Last week New South Wales, Queensland, South Australia, Western Australia, the ACT and Northern Territory all banned the use of DeepSeek on government devices, following an earlier federal government directive affecting all government bodies except corporate organisations such as Australia Post. The ban prompted criticism from China’s foreign ministry. It called the ban a ‘politicisation of economic, trade and technological issues’ claiming it has never, and will never, require enterprises to illegally collect or store data.

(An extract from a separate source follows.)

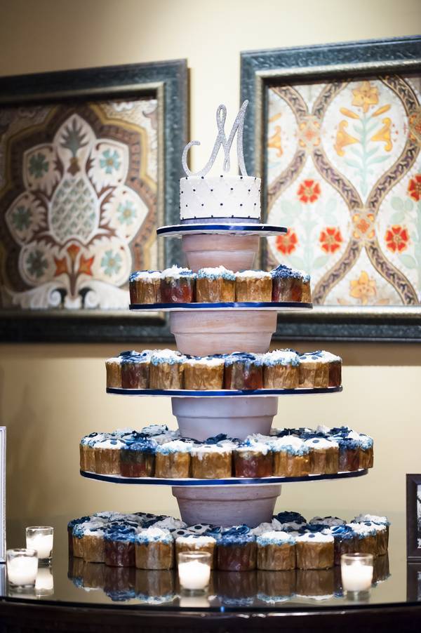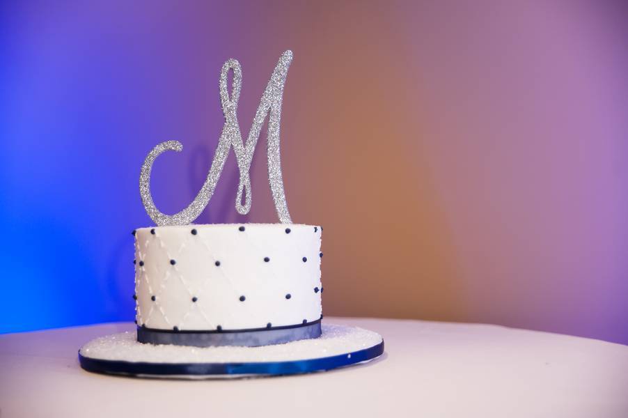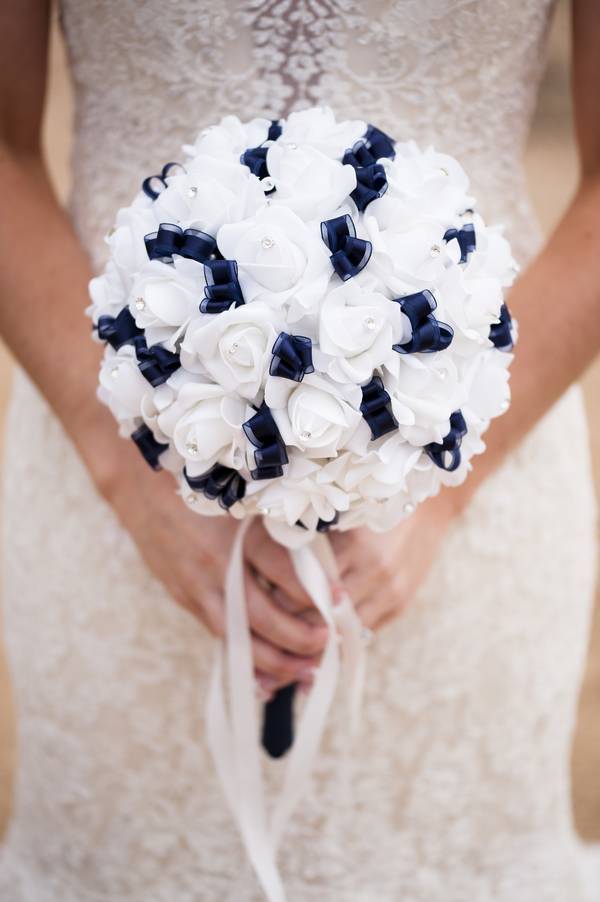 We had a few DIY projects. We made centerpieces for the cocktail hour that were small votives with wine corks glued to the outside and wrapped in navy blue ribbon. We also made a sign for the reception room fireplace that spelled out our last name and was decorated in navy, silver, and white embellishments. I also made the bridesmaids bouquets! I bought silk pomander balls (also known as kissing balls) and made “stems” for them so the girls could carry them down the aisle.

Italy, South Korea and, unsurprisingly, Taiwan, have also prohibited use of the Chinese offering.
New York state and Virginia have also joined the lineup of jurisdictions where DeepSeek is now banned on government devices and networks, with a bipartisan duo proposing to ban DeepSeek from federal devices.
Most cite security concerns and issues around lack of clarity on how users’ personal information is handled as the reason for those bans.
Australia’s Home Affairs minister Tony Burke says the Australian ban is to protect Australia’s national security and national interest.
DeepSeek’s own policy outlines the data it is collecting from users. Similar to ChatGPT, that includes personal information used to register for the application, chat history and user inputs, and technical information about the user’s device and network, including in DeepSeek’s case IP addresses, operating system and keystroke patterns.
Information, which can be shared with service providers and advertising partners, will be retained ‘as long as necessary’.
Others though have claimed more nefarious actions at play. The CEO of an Ontario-based cybersecurity company has claimed DeepSeek has code hidden in its programming with the capability to send data to CMPassport, an online registry for China Mobile, which is owned and operated by the Chinese government
Testing by AI security experts from Palo Alto Networks, CalypsoAI and Kela and the Wall Street Journal showed DeepSeek’s R1 model was ‘signficantly’ more vulnerable to jailbreaking than OpenAI, Google and Anthropic models tested, enabling it to be more easily manipulated to produce harmful content, including instructions on bioweapons, self-harm and the generation of malware.